NEW YORK (Reuters) - Home prices declined in September, highlighting the fragility of a market that is struggling to get back on its feet, a closely watched survey showed on Tuesday.
The S&P/Case Shiller composite index of 20 metropolitan areas fell 0.6 percent from August on a seasonally adjusted basis, falling short of economists’ forecasts for no change.
Prices in August were also revised to show a decline of 0.3 percent after originally being reported as unchanged.
The index has leveled off in recent months and analysts are hoping the market is at least stabilizing. Even so, prices are expected to stay weak for some time, given the excess amount of homes and few buyers.
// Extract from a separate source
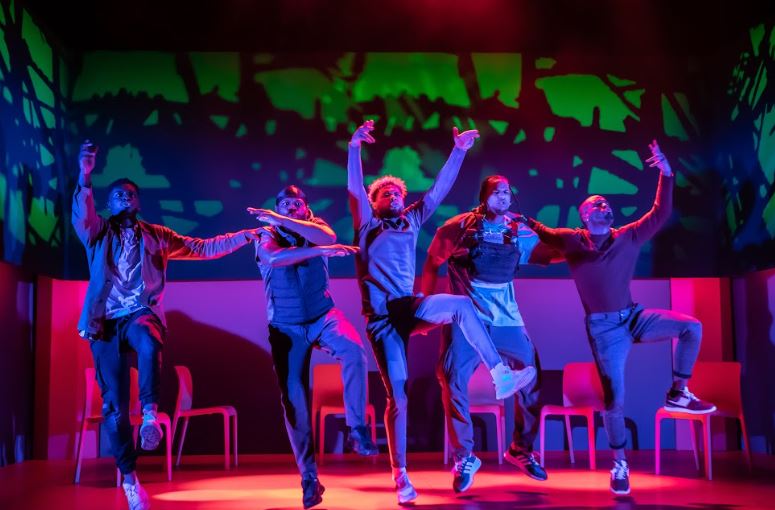 For Black Boys… is a multi-layered show with many different elements to it. Firstly as just a show and spectacle it is great fun to watch, with many funny moments and delivered in a way that at times turns the audience from observers into a one-bodied movement with its actors on stage. It is also delivered by six outstanding performers who excel in several different crafts, whether that be acting, singing or dancing, to deliver something that can at times be considered highly humorous but then cuttingly dramatic, relevant and poignant.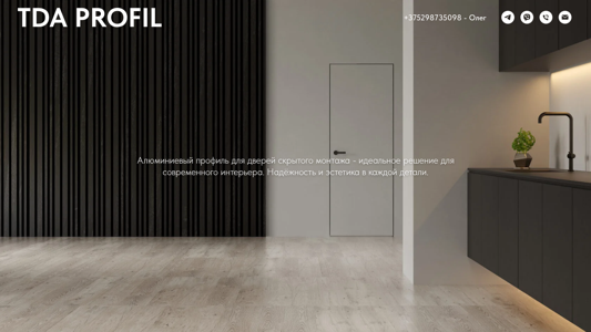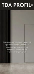 | AI-анализ | The website TDA PROFIL offers aluminum profiles for hidden door mounting. It is an ideal solution for modern interiors with a focus on durability and aesthetics in every detail. The website provides various aluminum profiles such as 59x44, 51x42, 62x44, 80x45, 80x40, 31x17, 47x5, 51x21, 40x9, 59x20, 45x21, and 6x7. These profiles serve different purposes including door frames, door panels, and various types of door joints. The website also offers aluminum corner pieces, door moldings, and other related accessories. The company is located in the village of Bolshoe Stiklevo and offers self-pickup or delivery within |

“Ultimately we continue to expect home prices to remain under pressure. This report is generally consistent with that idea. The supply-demand imbalance that exists in the housing market will continue,” said Tom Porcelli, chief U.S. economist at RBC Capital Markets in New York.
For the third quarter, prices were down 1.2 percent from the previous quarter on a seasonally adjusted basis and were down 3.9 percent from the third quarter a year ago.
That was weaker than the second quarter, which had seen a gain of 0.2 percent compared to the first three months of the year.
Compared to a year ago, price declines in the 20 cities continued to improve in September and were down 3.6 percent after a year over year decline of 3.8 percent the month before.
Financial markets saw little reaction to the data as investors focused on a meeting of European finance ministers amid pressure to contain the euro zone debt crisis.